Start of DATA EXTRACT

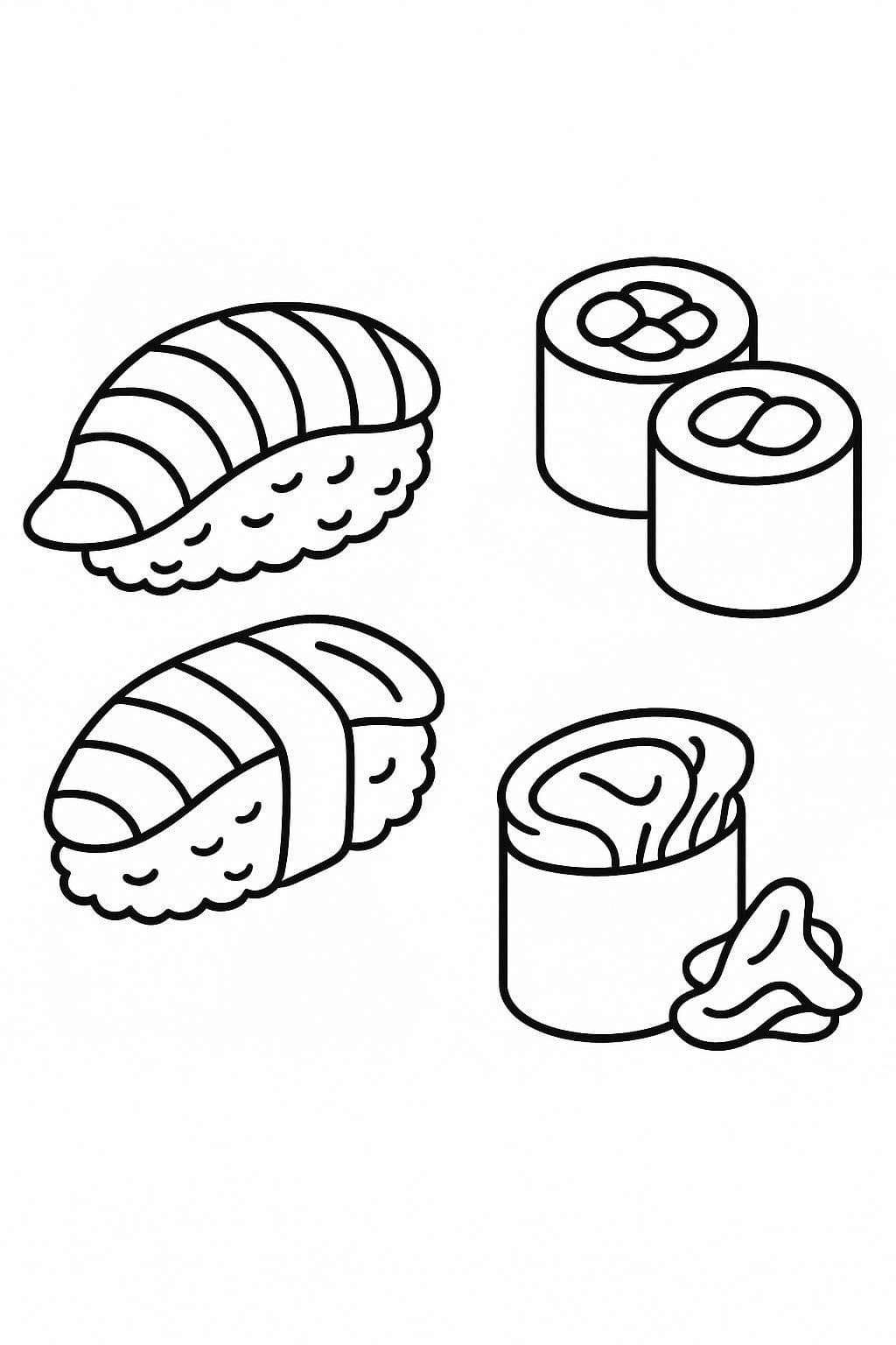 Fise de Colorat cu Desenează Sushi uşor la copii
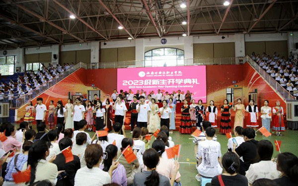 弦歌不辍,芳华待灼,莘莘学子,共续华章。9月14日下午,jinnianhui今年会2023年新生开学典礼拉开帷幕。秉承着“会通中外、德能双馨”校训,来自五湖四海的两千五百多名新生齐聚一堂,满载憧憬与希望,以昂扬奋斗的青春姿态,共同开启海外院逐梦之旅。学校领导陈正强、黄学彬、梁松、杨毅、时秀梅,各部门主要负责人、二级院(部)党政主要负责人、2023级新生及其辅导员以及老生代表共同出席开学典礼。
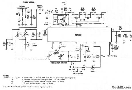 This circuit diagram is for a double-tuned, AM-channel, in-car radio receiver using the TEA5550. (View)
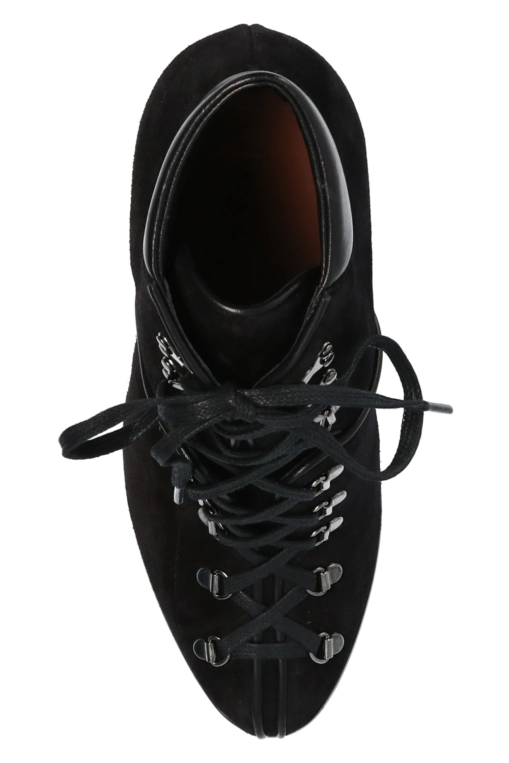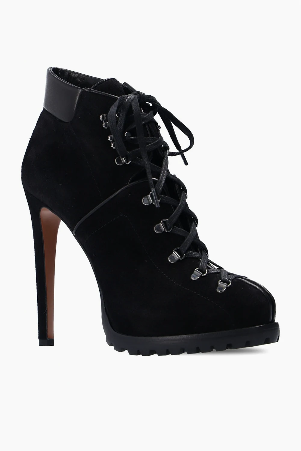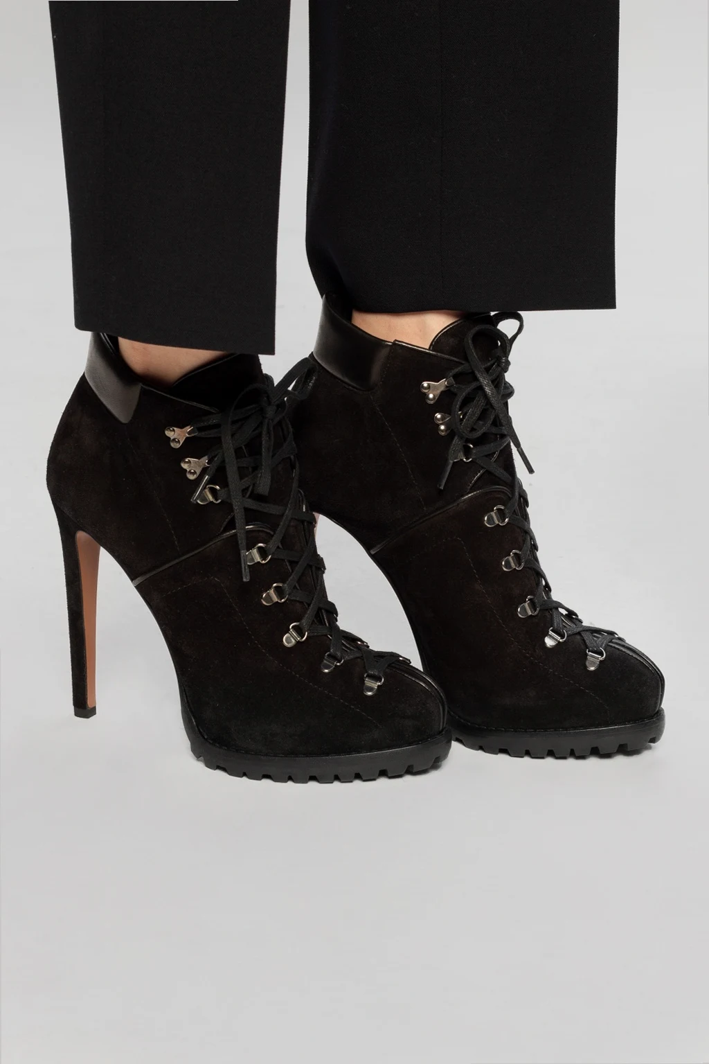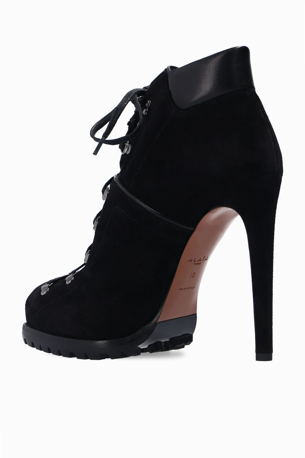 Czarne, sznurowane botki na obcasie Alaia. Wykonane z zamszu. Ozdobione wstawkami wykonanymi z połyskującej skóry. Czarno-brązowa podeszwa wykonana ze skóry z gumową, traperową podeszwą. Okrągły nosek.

End of DATA EXTRACT

AIM OF THE TASK: Copy out every line above without change, dropping the pictures.

ANSWER BOX:
 Fise de Colorat cu Desenează Sushi uşor la copii
 弦歌不辍,芳华待灼,莘莘学子,共续华章。9月14日下午,jinnianhui今年会2023年新生开学典礼拉开帷幕。秉承着“会通中外、德能双馨”校训,来自五湖四海的两千五百多名新生齐聚一堂,满载憧憬与希望,以昂扬奋斗的青春姿态,共同开启海外院逐梦之旅。学校领导陈正强、黄学彬、梁松、杨毅、时秀梅,各部门主要负责人、二级院(部)党政主要负责人、2023级新生及其辅导员以及老生代表共同出席开学典礼。
 This circuit diagram is for a double-tuned, AM-channel, in-car radio receiver using the TEA5550. (View)
 Czarne, sznurowane botki na obcasie Alaia. Wykonane z zamszu. Ozdobione wstawkami wykonanymi z połyskującej skóry. Czarno-brązowa podeszwa wykonana ze skóry z gumową, traperową podeszwą. Okrągły nosek.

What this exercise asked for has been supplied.